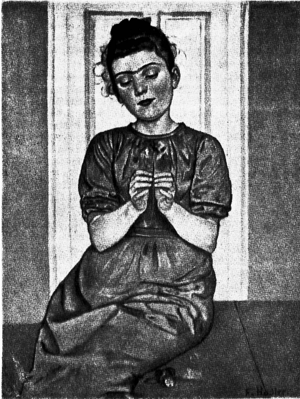
Ferdinand Hodler Die Blumenbinderin 1890

Auf den ersten Blick wirkt die Blumenbinderin weniger natürlich als das Kitschbild. Im strengeren Aufbau spürt man den Gestaltungswillen des Künstlers. Die Gestalt des Mädchens hebt sich klar von der hellen Zimmertür ab. Auffallend ist die strenge Symetrie in der Gestaltung der Arme und Hände. Die runden Formen des Körpers sind den geraden der Türe gegenübergestellt. Die graue Fläche des Kleides ist durch Falten lebendig gegliedert. Diese Gliederung wird noch stärker zur Wirkung gebracht durch den ruhigen Hintergrund
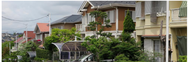
領家地区の街並み
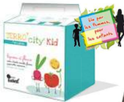
③ Jardiner au naturel Terro' City® Kid, Premier Tech Horticulture Faliénor
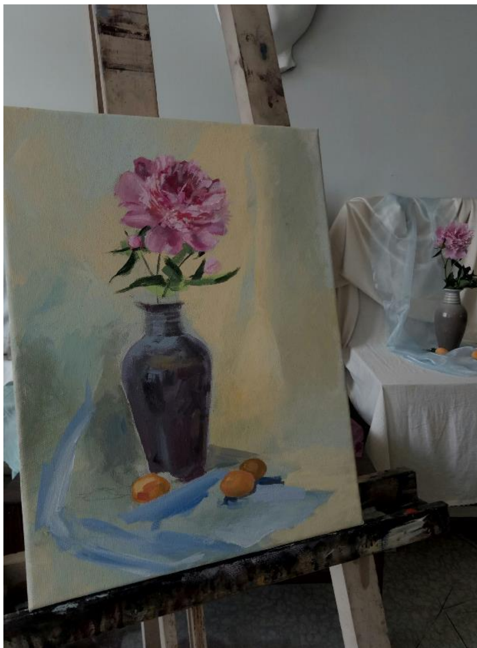
Рисунок Г.3 – Выполнение итоговой работы

Assigned task: With the pictures set aside, repeat every entry above exactly.

Task response:
Ferdinand Hodler Die Blumenbinderin 1890

Auf den ersten Blick wirkt die Blumenbinderin weniger natürlich als das Kitschbild. Im strengeren Aufbau spürt man den Gestaltungswillen des Künstlers. Die Gestalt des Mädchens hebt sich klar von der hellen Zimmertür ab. Auffallend ist die strenge Symetrie in der Gestaltung der Arme und Hände. Die runden Formen des Körpers sind den geraden der Türe gegenübergestellt. Die graue Fläche des Kleides ist durch Falten lebendig gegliedert. Diese Gliederung wird noch stärker zur Wirkung gebracht durch den ruhigen Hintergrund
領家地区の街並み
③ Jardiner au naturel Terro' City® Kid, Premier Tech Horticulture Faliénor
Рисунок Г.3 – Выполнение итоговой работы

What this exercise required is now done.